The regional government itself didn't actually issue these bonds, because of long-standing rules that prohibit local governments from running deficits or borrowing. Instead, such governments create companies called local government financing vehicles to get around the restrictions, one way that borrowers are skirting the will of Beijing's regulators. New bonds issued by these entities rose last year to 1.09 trillion yuan from 400 billion yuan a year earlier, according to data provider WIND Info.

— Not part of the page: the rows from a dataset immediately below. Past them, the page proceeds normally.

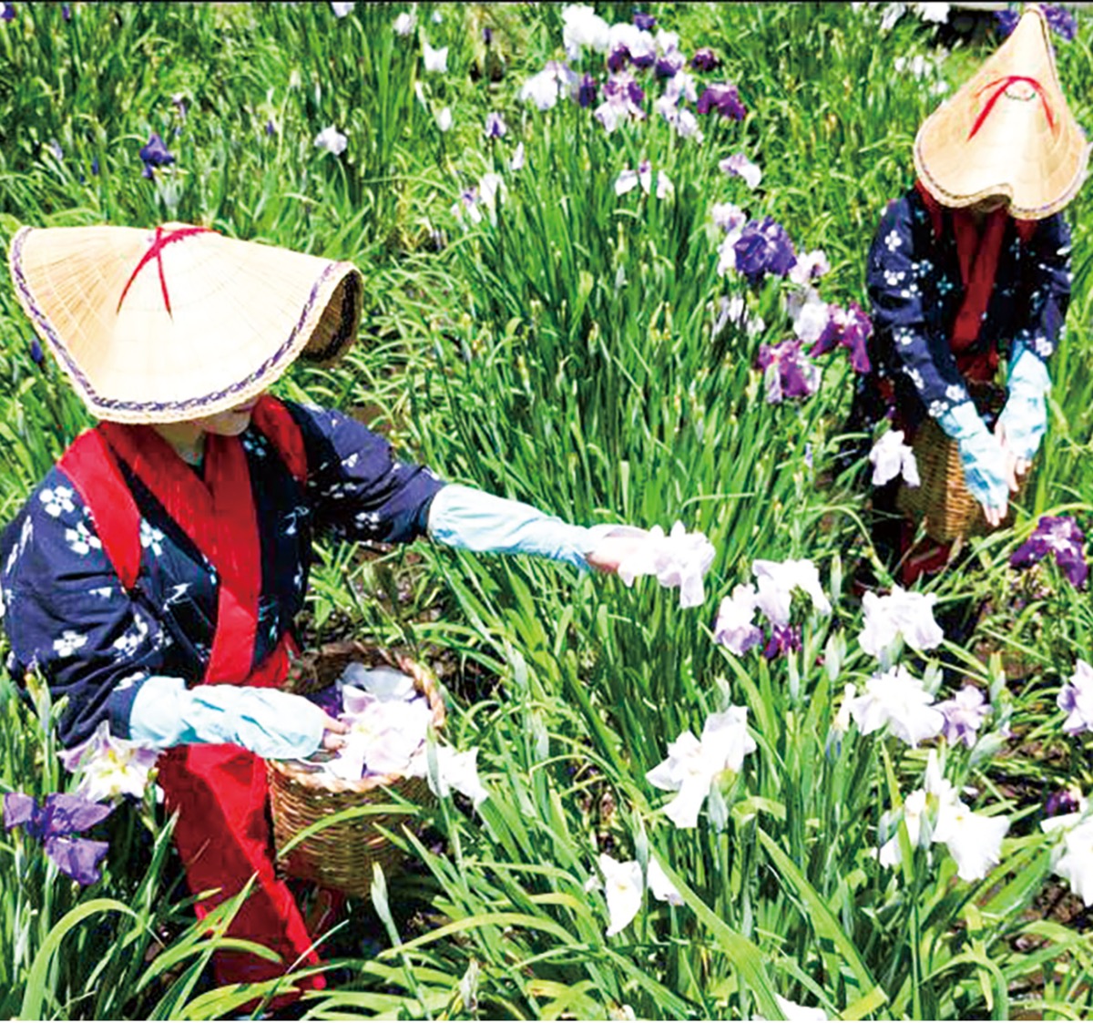 約1万株のハナショウブを誇る二宮町のせせらぎ公園で6月7日、早乙女姿の産業能率大学の学生による花がら摘みが行われた。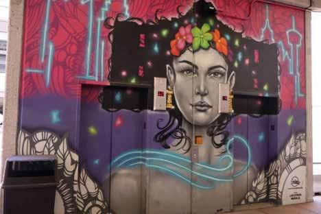 Shek’s SA International Airport elevator door mural. Photo by Ricardo Romo.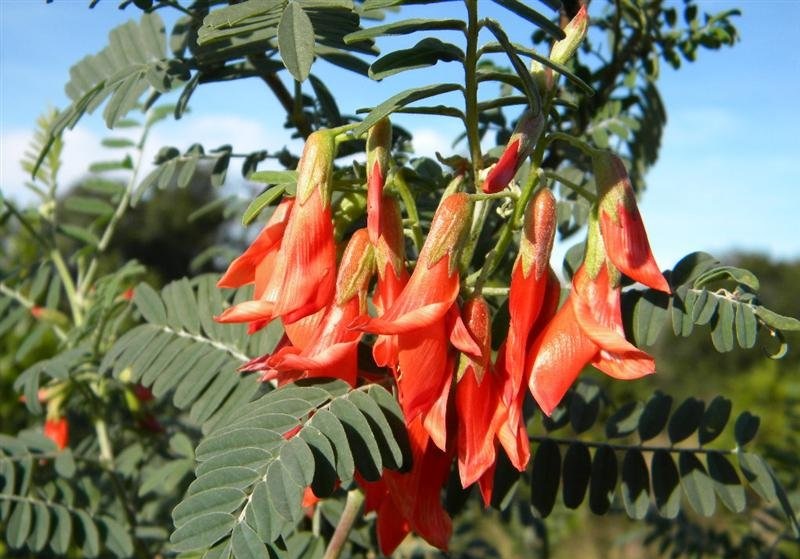 Sutherlandia frutescens, with its bright red flowers and silvery leaves, is viewed as a miracle plant in the treatment of a range of ailments. (Image: Wikipedia)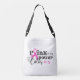 This cross-body tote bag is shown in a breast cancer awareness pink ribbon print.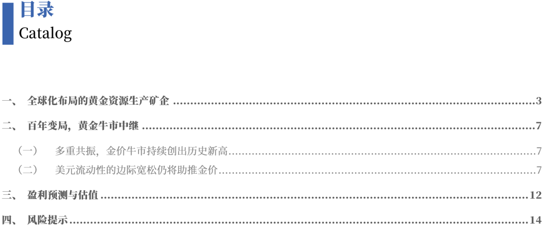 3. 流动性盛宴与"去美元"实质化,黄金牛市有望延续。 核心观点 公司是一家快速成长的国际化黄金生产商,主要在全球范围内从事黄金的采、选和销售业务:公司在全球范围内运营6座黄金矿山和1座多金属矿山,矿山 版图主要位于中国、东南亚与西非等地区。其中、公司旗下吉隆矿业、五龙矿业、华泰矿业和锦泰矿业是国内的黄金矿山,专注于黄金采选业务;瀚丰矿 业是国内的多金属矿山,聚焦锌、铅、铜、铝等多金属的采选;位于老挝的控股子公司万象矿业以金、铜矿的开采和冶炼为核心;位于加纳的控股子公司 金星瓦萨主营黄金采选;位于老挝的勐康稀土矿专注于稀土资源的开发。此外,公司控股子公司广源科技属于资源综合回收利用行业,专注于废弃电器电 子产品处理业务。根据公司2024年年报披露,公司自有矿山共计拥有黄金资源量390.1吨、铜资源量10.3万吨、铅资源量2.5万吨、锌资源量55.4万吨、铝资 源量7.9万吨、稀土资源量6.4万吨REO。 【报告导读】 金价上涨驱动公司业绩大幅增长:随着公司收购海外矿山矿产金产量的逐步释放,以及2022年后黄金价格进入新一轮牛市的影响,公司营业收入与归母净 利润都出现了明显的增长。公司营业收入从2020年的45 ...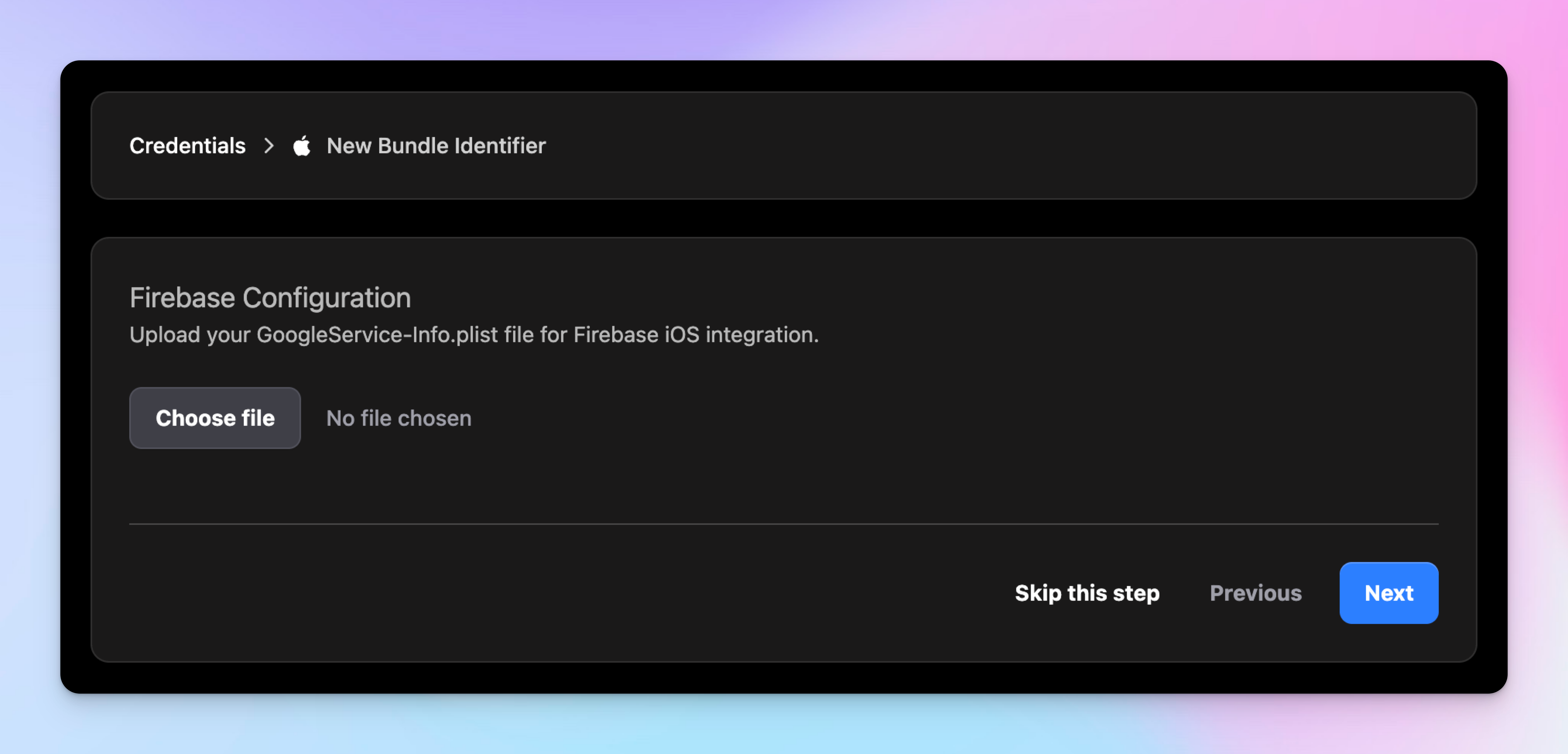 If you intend to use Firebase Cloud Messaging (FCM) to manage your Push Notifications across both iOS and Android, you will need to upload your FCM credentials to have them injected into your builds.

In this case, the prefecture used a company called Qiannan Prefecture State Capital Operating Co. to issue the debt. The company, which is one of thousands of local government financing vehicles in China, builds infrastructure for the prefecture but doesn't make much money in that business. Last year, it generated enough cash to cover just half of its debt payments. To make up the shortfall, it relies on subsidies from the prefecture, which itself relies on subsidies from higher-level governments to pay its bills. Investors in the bonds are effectively relying on two sets of subsidies, neither of which is guaranteed, to get their interest payments.

An official from the company, who declined to reveal her name, told The Wall Street Journal, "We issued the bond on behalf of the government. Please direct any questions to them." Officials at the Qiannan government's Finance Department couldn't be reached for comment.

In a survey of 36 local governments released in June, China's state auditor said that among the 223 financing vehicles run by these governments, 151 of them failed to generate enough revenue to cover their annual debt repayment. "Because of their inadequate repayment ability, some provincial capitals had to borrow new debt to pay for their old debt," the state auditor said.

Analysts raise several concerns. First, they argue that because local government debt will likely be backed by Beijing it should be considered part of China's national debt. Local bond-rating agencies routinely give these bonds high ratings because of the expected central government backing. So far, there haven't been any defaults by local government financing vehicles.

Second, because much of this debt is backed by land owned by the local governments, a decline in land prices could wipe out some of the collateral on the bonds.

"Since many local governments use land as collateral for their debt, a potential fall in China's property market will pose huge risks to them," said Terry Gao, a senior analyst at Fitch Ratings.

That puts Beijing in a difficult situation. If it continues to try to push down property prices, which have been climbing rapidly, it risks leaving itself saddled with more bad debt from local governments.

In Qiannan Prefecture, income from land sales fell by more than 40% in each of the past two years, according to a report by Chinese bond-rating firm Pengyuan Credit Rating Co., citing data it obtained from the local government.

The last big concern is that governments spent the proceeds of the bonds on unnecessary projects that are unlikely to boost local growth, which would make it harder to pay off the bonds.

Beijing has sent a number of inspection teams around the country to tally the outstanding debt, and the results of the survey, which is widely expected to be released late this month or early next month, will likely serve as a key factor in new economic policies to be unveiled at the next Communist Party meeting in November.

Local government financing vehicles don't rely completely on the bond market to raise money. They have borrowed 9.59 trillion yuan ($1.57 trillion) from banks through the first quarter of this year, according to the latest data available from China's banking regulator and state auditor.

Regulators slowed the pace of that lending, which led the borrowers to turn to bonds and, more recently, to China's so-called shadow banking system, where they have borrowed an estimated 2.39 trillion yuan through the end of the second quarter, more than double the amount from a year earlier. Shadow banking consists of wealth-management products and other products sold to investors, often arranged by banks but not included on their balance sheets.